O som enérgico do Beat conquistou a molecada e chegou a reverberar até mesmo deste lado do Atlântico: o grupo foi uma das grandes inspirações no som dos primeiros discos dos Paralamas do Sucesso, até mais do que o Police, com o qual se costuma associar o trio liderado por Herbert Vianna. Everett Morton, por exemplo, era influência declarada do baterista João Barone. E o hit paralâmico “Óculos”, de 1984, “pegava emprestado” o riff de marimba de “Hands Off, She’s Mine”, segundo compacto do Beat, que chegou ao nono lugar da parada britânica em março de 1980 – além de ter sido o primeiro lançamento do selo próprio da banda, o Go Feet.

Lançado no ano seguinte, o segundo disco do grupo, Wha’ppen, era mais lento e sombrio, refletindo o momento calamitoso vivido pelo país naqueles primeiros anos de Thatcherismo, com profunda recessão econômica e desemprego recorde, além da série de novos conflitos raciais deflagrados em várias das principais cidades do país entre abril e julho. Apesar disso – e embora tenha sido recebido com maior frieza pelo público –, o álbum ainda oferecia momentos sublimes, como a emocionante “Doors Of Your Heart”, que ganhou um clipe maravilhoso, gravado em plena euforia do carnaval de rua afrocaribenho de Portobello Road.

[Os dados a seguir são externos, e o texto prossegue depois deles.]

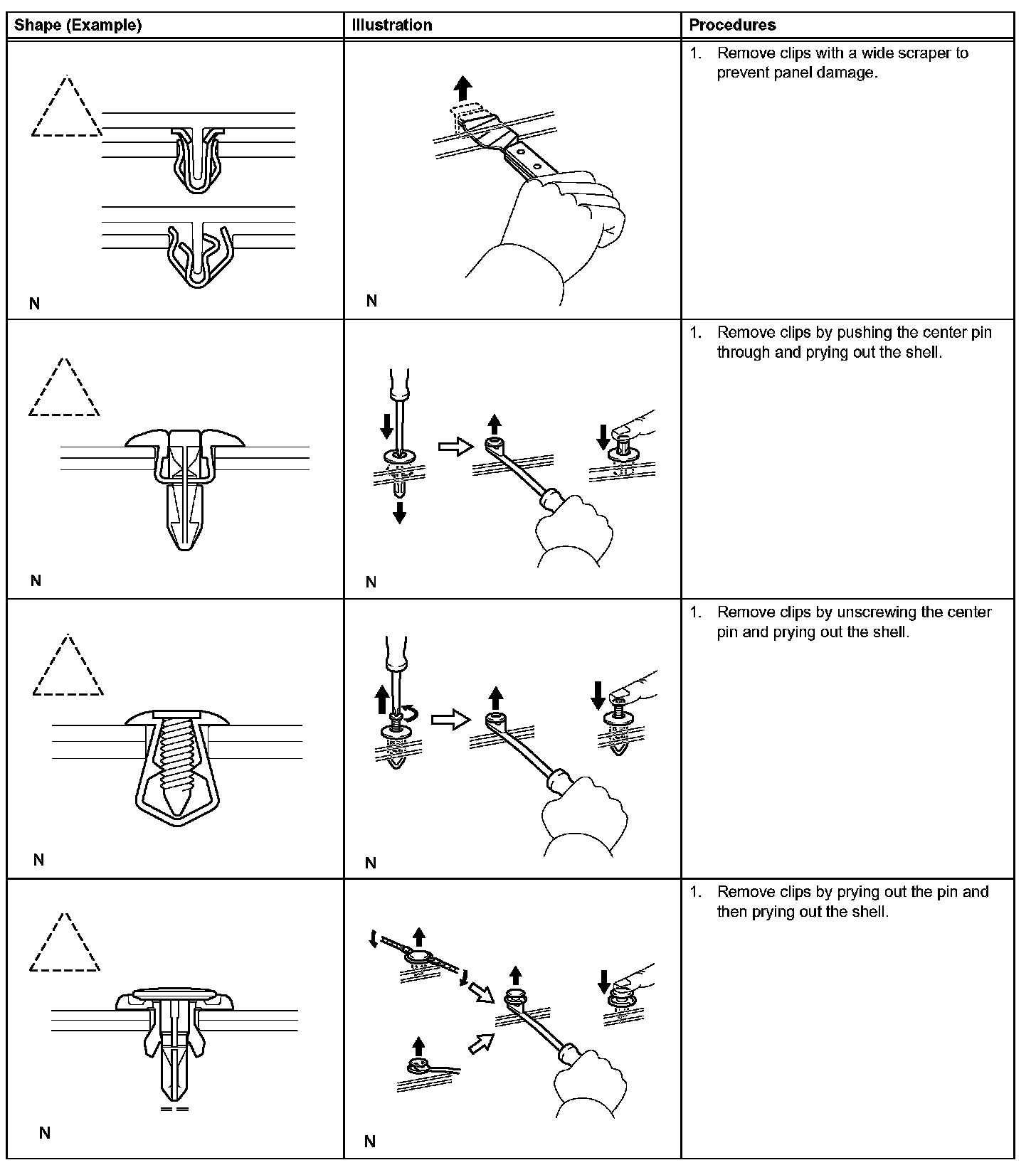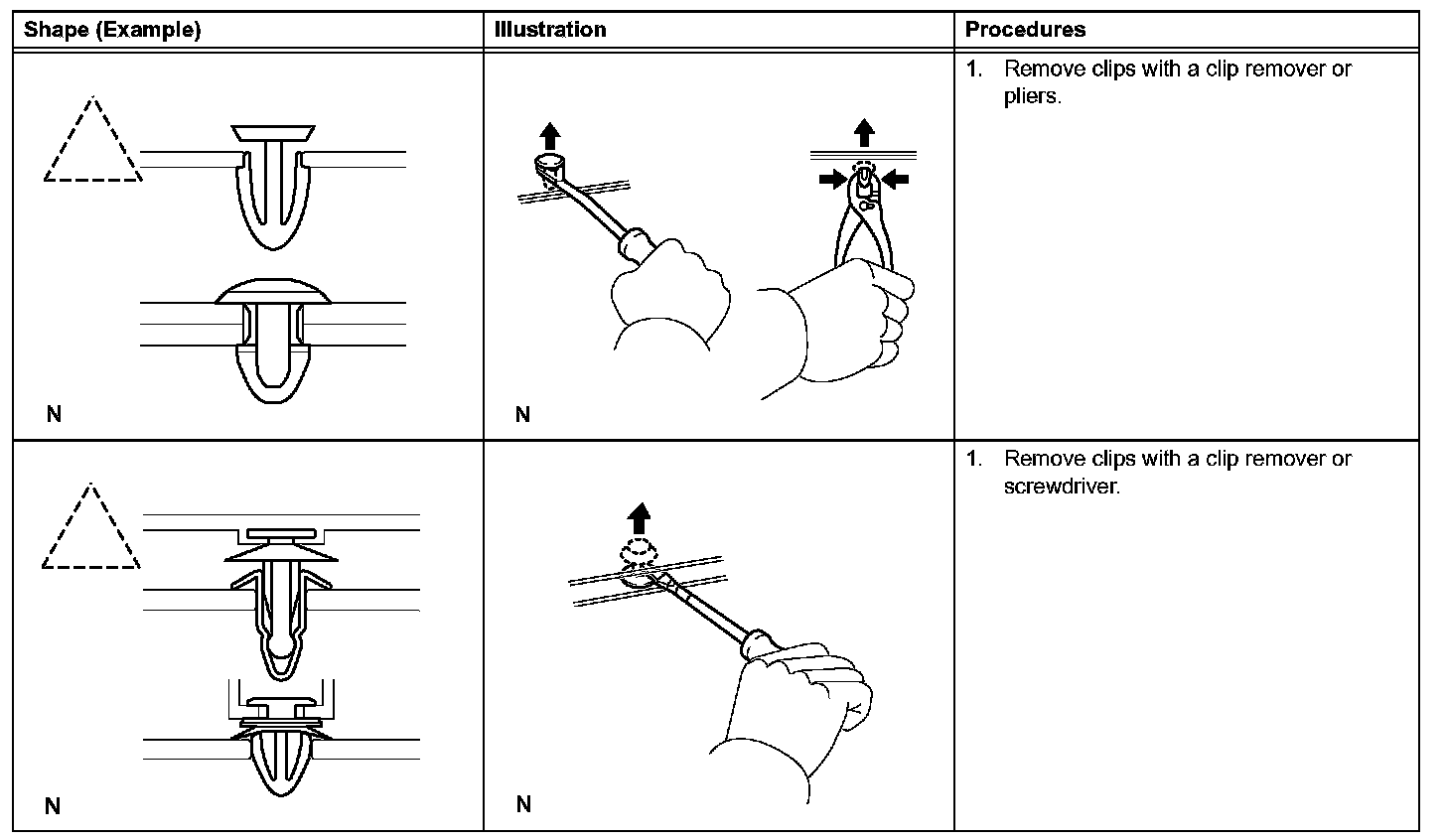 1. The removal and installation methods of typical clips used for vehicle body parts are shown in the table below.
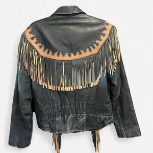 Vintage Black Leather Fringe Jacket Studded Western Moto Small
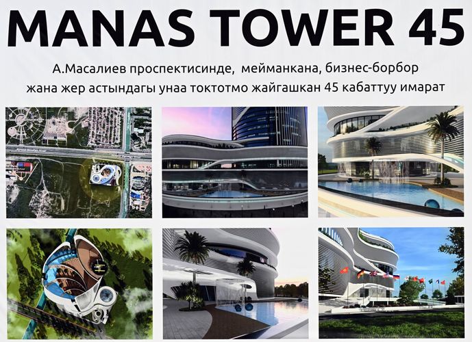 Президент Кыргызстана Садыр Жапаров заложил капсулу под фундамент строительства первого в истории страны высотного многофункционального гостиничного комплекса Manas Tower 45 в Бишкеке. В его реализации задействовано управление делами президента и зарубежные инвесторы. Завершить возведение планируется в течение 2,5-3 лет. Проектом предполагается, что комплекс здания состоит из 45 этажей, включает в себя пятизвездочный отель, бизнес-центр, конференц-залы, рестораны, гипермаркет, более 20 тысяч торговых площадей и подземную автостоянку на 600 легковых автомобилей.
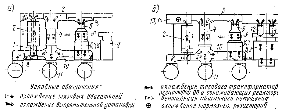 Для охлаждения тягового оборудования воздух засасывается из отсеков, расположенных над машинным помещением. Через радиаторы 8 масляного охлаждения тягового трансформатора 9 воздух прогоняется двумя осевыми вентиляторами 12, номинальной' производительностью по 2 м3/с каждый. Охлаждение резисторов 6 ослабления поля тяговых двигателей и сглаживающих реакторов 7 осуществляется осевым вентилятором 5 номинальной производительностью 6,5 м3/с. Охлаждение тяговых двигателей 11 и полупроводниковых преобразовательных установок 2 — общим осевым вентилятором 4 повышенной производительностью 8 м3/с. Нагретый воздух в основном выходит под кузов электровоза, а из полупроводниковых преобразовательных установок (куда он отводится из распределительных каналов 10) воздух выбрасывается в отсек с тормозными резисторами. Как и
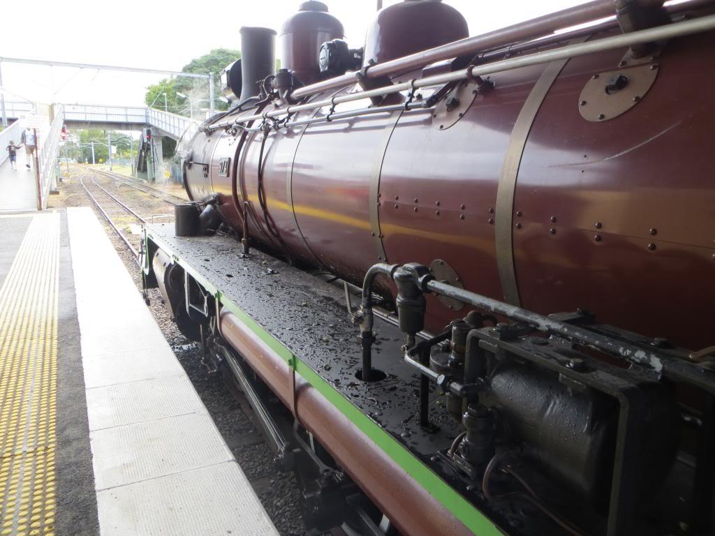 At Doomben station we were met by a C17 class loco, built locally by Walker Bros in Maryborough in 1951, hauling a water tanker and four historic carriages. All apparently are owned still and run by Q Rail.
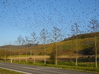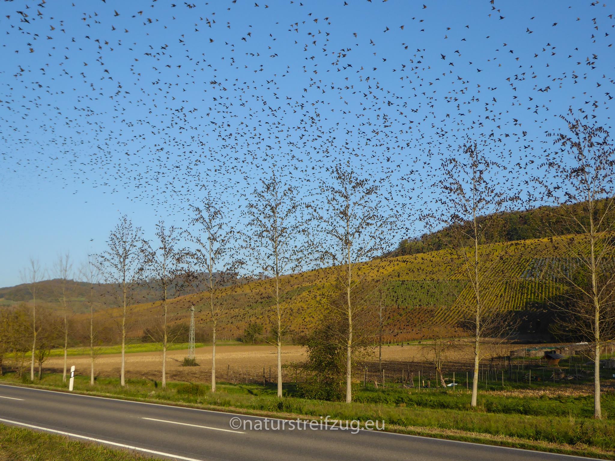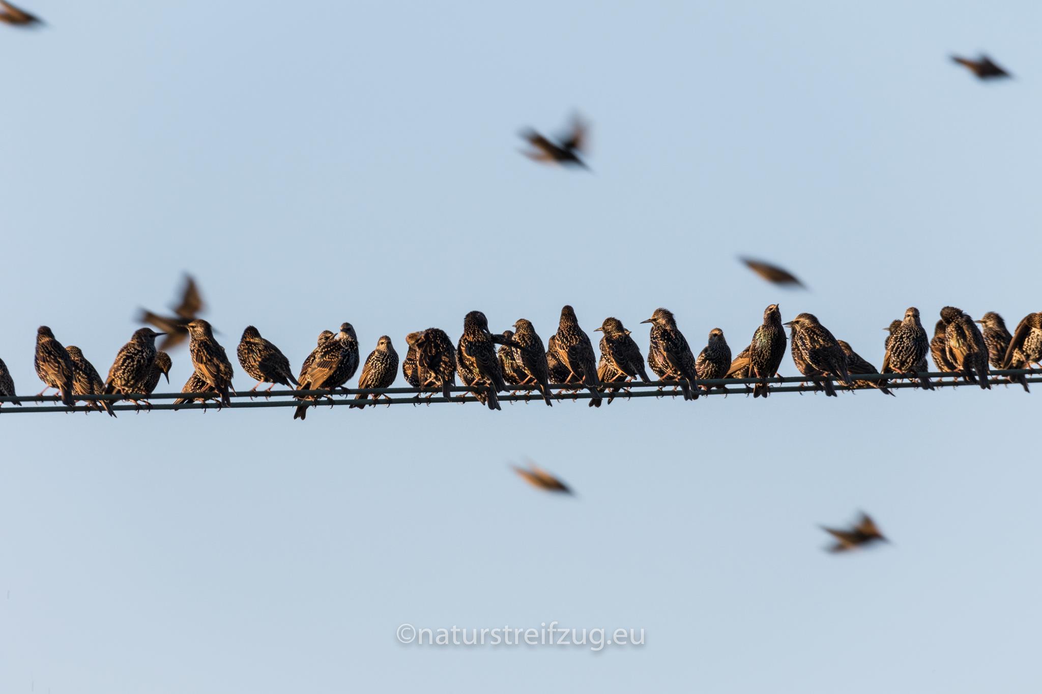 Bei einem Spaziergang Anfang November 2017 gerieten wir mitten in das folgende Schauspiel: unzählige Stare sammelten sich auf Bäumen sowie Leitungen für den Abflug in den Süden und vollführten am Himmel spektakuläre Formationen. Am folgenden Tag waren sie schon weitergezogen und obwohl wir mit dem Auto in der Umgebung herumfuhren, konnten wir es nicht ein zweites Mal beobachten geschweige denn photographieren. So bleiben uns nur diese zufälligen Aufnahmen - bis zum nächsten Mal. Wir werden aufmerksamer und hoffentlich rechtzeitiger zur Stelle sein!
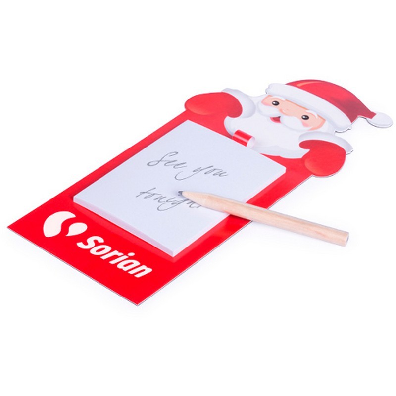 Imán con bloc de notas en divertido diseño de Papá Noel. Con 40 hojas lisas y lápiz de madera incluido.
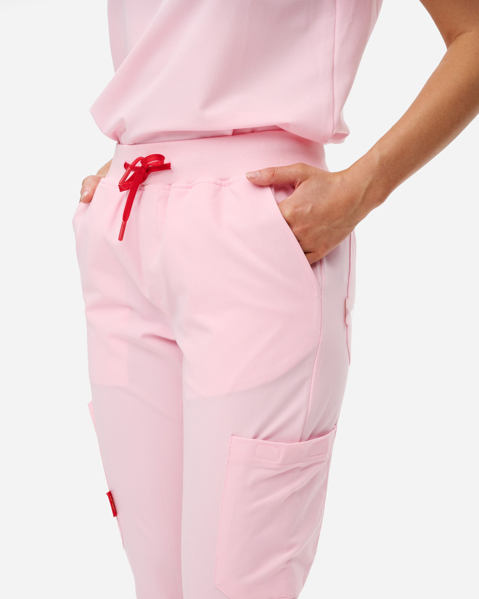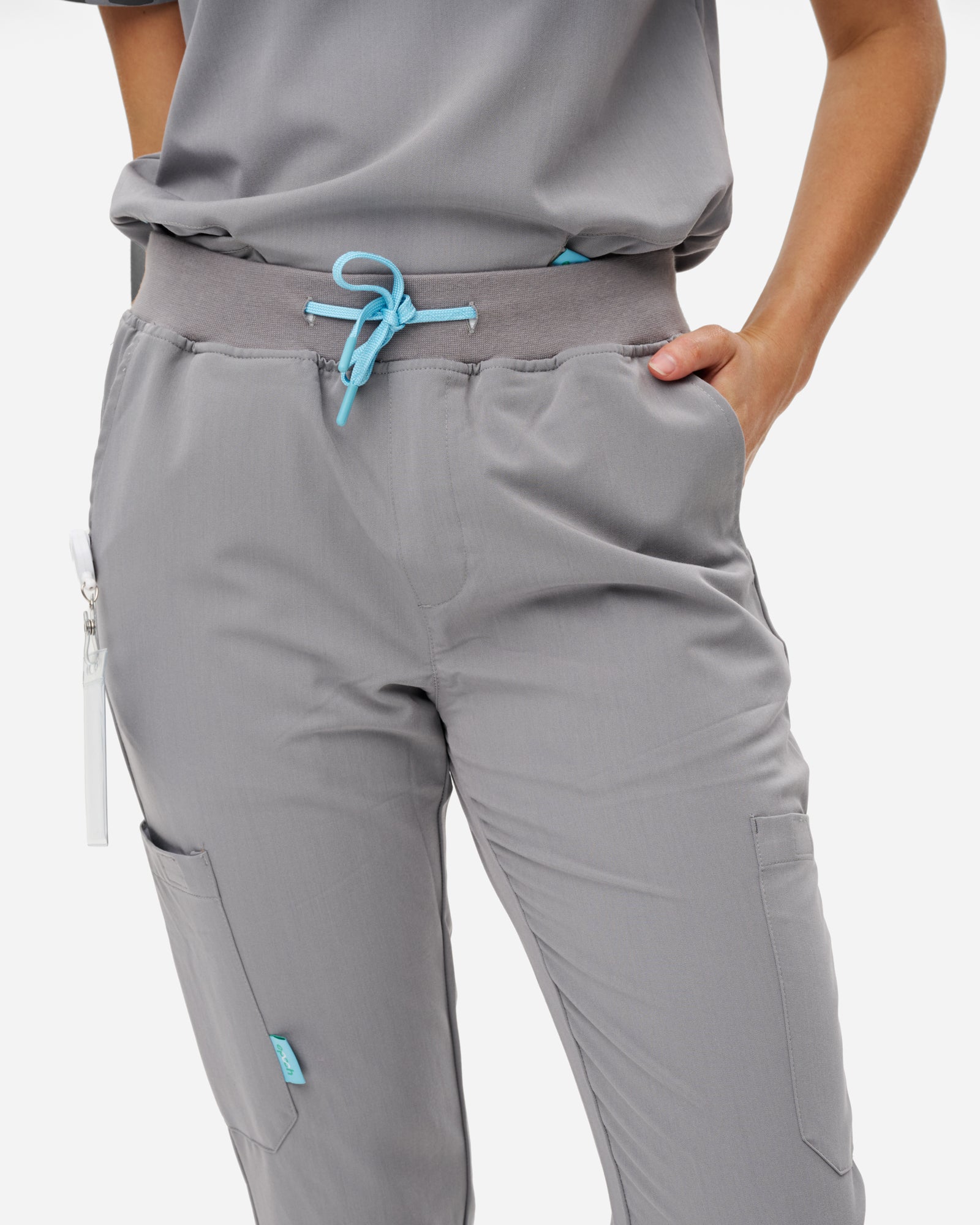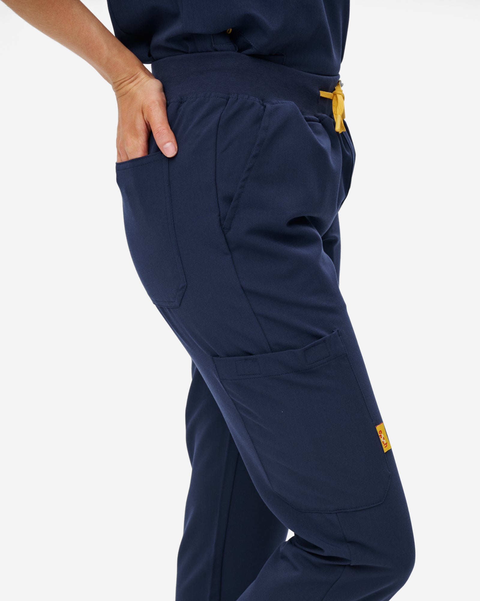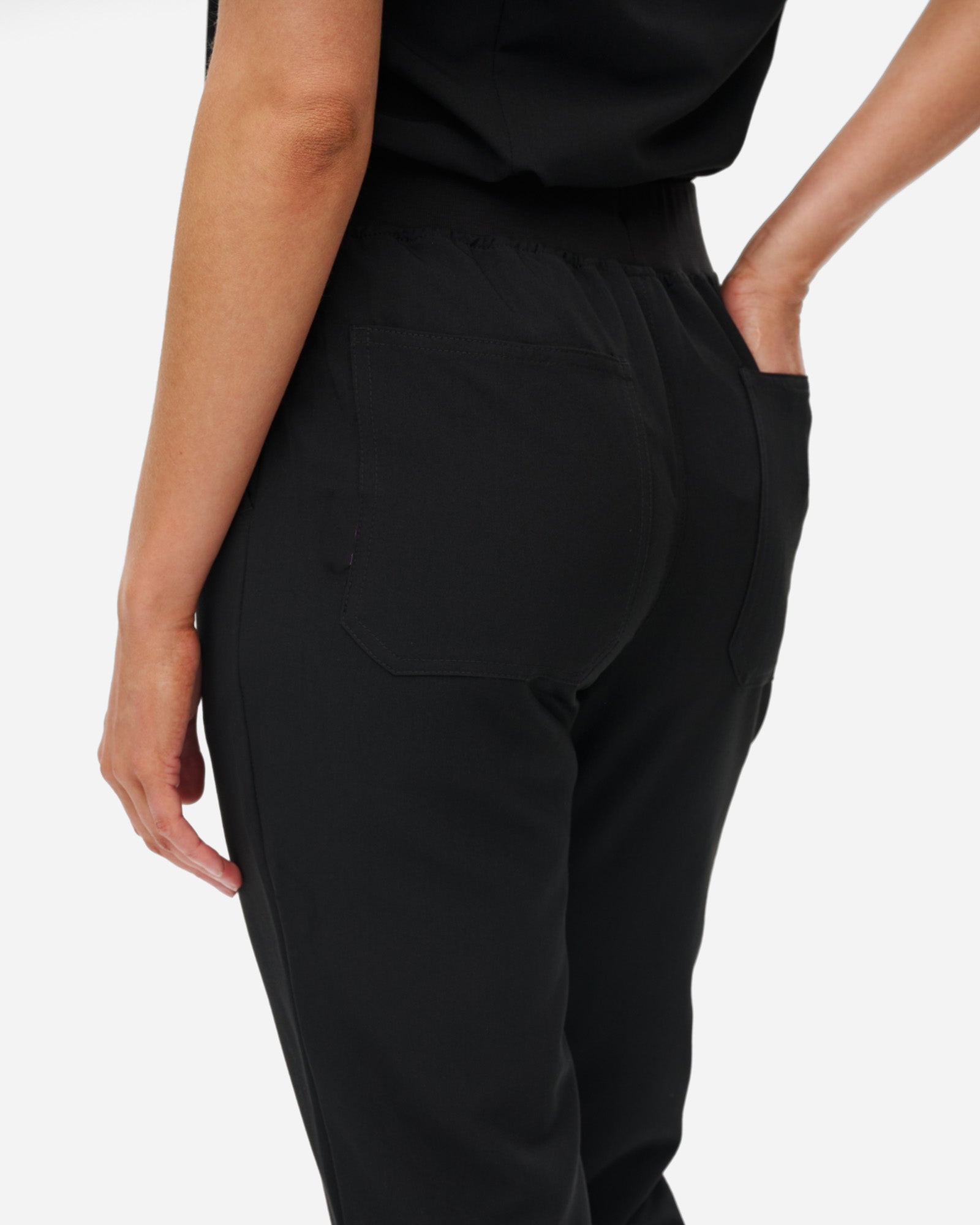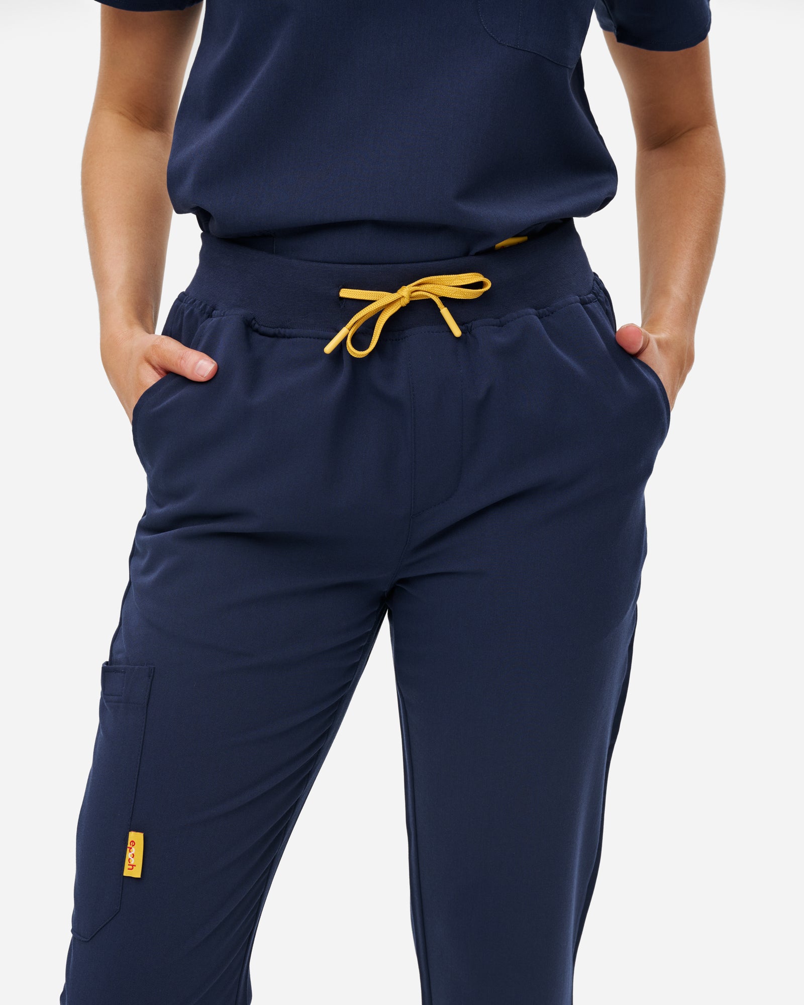 Experience unmatched comfort and durability with our Womens Scrub Jogger Pant from Epoch. Made with soft, stretchy fabric and featuring a convenient ring pocket inside the waistband and side pockets with velcro, these pants are designed for all-day wear. With a pop of color on the drawcord and cuffed legs, they are both stylish and long lasting. Upgrade your scrub game now.
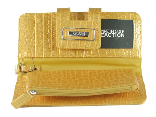 Kenneth Cole Reaction Orange Yellow Alligator Tab Wristlet Wallet
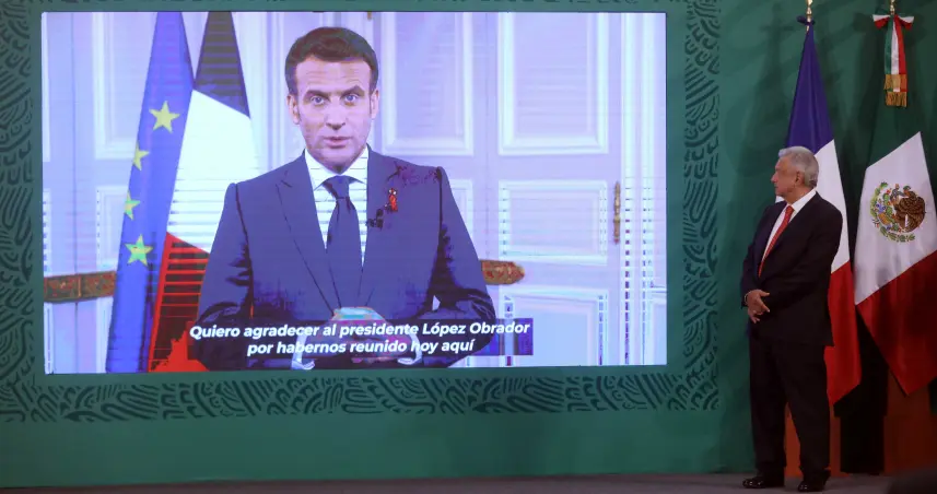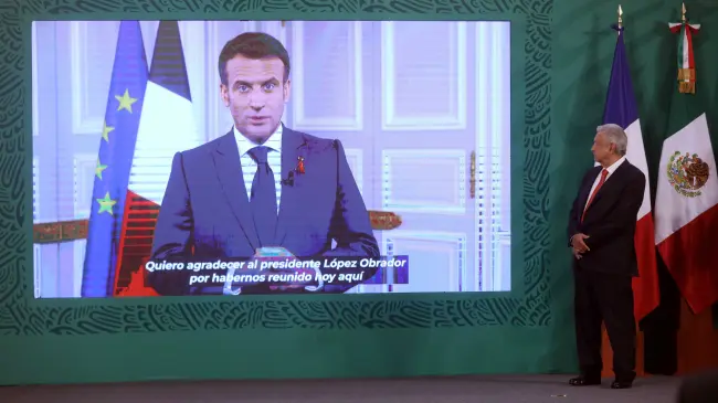 El presidente de Francia, país que albergará la segunda parte del evento en junio, emitió un mensaje que se transmitió desde el Palacio Nacional de México, sede del foro del 29 al 31 de marzo.
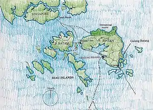 - π Bintan. - The largest island, home to the provincial capital Tanjung Pinang and to a large resort area

O terceiro ábum, Special Beat Service, lançado em outubro de 1982, ampliava ainda mais a paleta sonora do grupo: “Save It For Later” – considerada por Pete Townshend uma de suas canções favoritas da vida – puxava mais para um estilo guitar band, enquanto a funkeada “I Confess” remetia aos grupos new romantic. Ambas foram lançadas em single. Mas o grande momento de Ranking Roger era a canção na qual ele apresentava um certo toaster novato chamado Pato Banton, “Pato And Roger A Go Talk”.

Aquele seria o último disco de estúdio da banda, que se despediria no ano seguinte com a coletânea What Is Beat? e uma turnê que incluiu uma participação antológica no US Festival, na Califórnia, em maio de 1983. O grupo se desintegrou aos pares: enquanto Andy Cox e David Steele formaram o Fine Young Cannibals recrutando o vocalista Roland Gift, Everett Morton e Saxa, os mais experientes do grupo, passaram a acompanhar outros artistas, antes de formarem o International Beat, que seguiria na ativa até a década de 1990.

A dupla de frente, Ranking Roger e Dave Wakeling, por sua vez, seguiu junta no projeto seguinte, o General Public, que lançou dois álbuns e teve sucesso com a canção “Tenderness”, de 1984, que volta e meia aparece em coletâneas de flashback de sons oitentistas. Com o fim de mais esta empreitada, Roger lançou um disco solo, formou o Special Beat, com ex-integrantes dos Specials e gravou com Sting e com o Smash Mouth Até trazer o Beat de volta à ativa nos anos 2000 – ou melhor, um dos Beats, já que Wakeling, agora residindo nos Estados Unidos, também fez shows pelo país com o nome da banda. Nunca houve, porém, qualquer animosidade.

A formação que tinha Ranking Roger à frente, da qual também fazia parte seu filho Ranking Junior, chegou a gravar dois álbuns de inéditas: Bounce, de 2016, e Public Confidential, que saiu em janeiro deste ano, na mesma época em que o cantor anunciou pelas redes sociais que havia sido operado de dois tumores no cérebro, além de passar por tratamento contra um câncer no pulmão – antes, em agosto, já havia sofrido um infarto. “Ele lutou & lutou & lutou. Roger era um lutador”, disse o comunicado que anunciou sua morte no perfil oficial do Beat no Facebook, antes de revelar que o cantor falecera “em paz em sua casa, rodeado por sua família”.

Também pelas redes sociais, amigos de bandas contemporâneas como Neville Staple (Specials), Pauline Black (Selecter), Billy Bragg e o UB40 lamentaram a morte de Ranking Roger, que se torna a segunda perda na formação clássica do Beat, após o falecimento de Saxa em maio de 2017, aos 87 anos. O cantor havia recentemente acabado de escrever sua autobiografia, que leva o mesmo nome do primeiro álbum do grupo, I Just Can’t Stop It, e deve ser publicada em breve.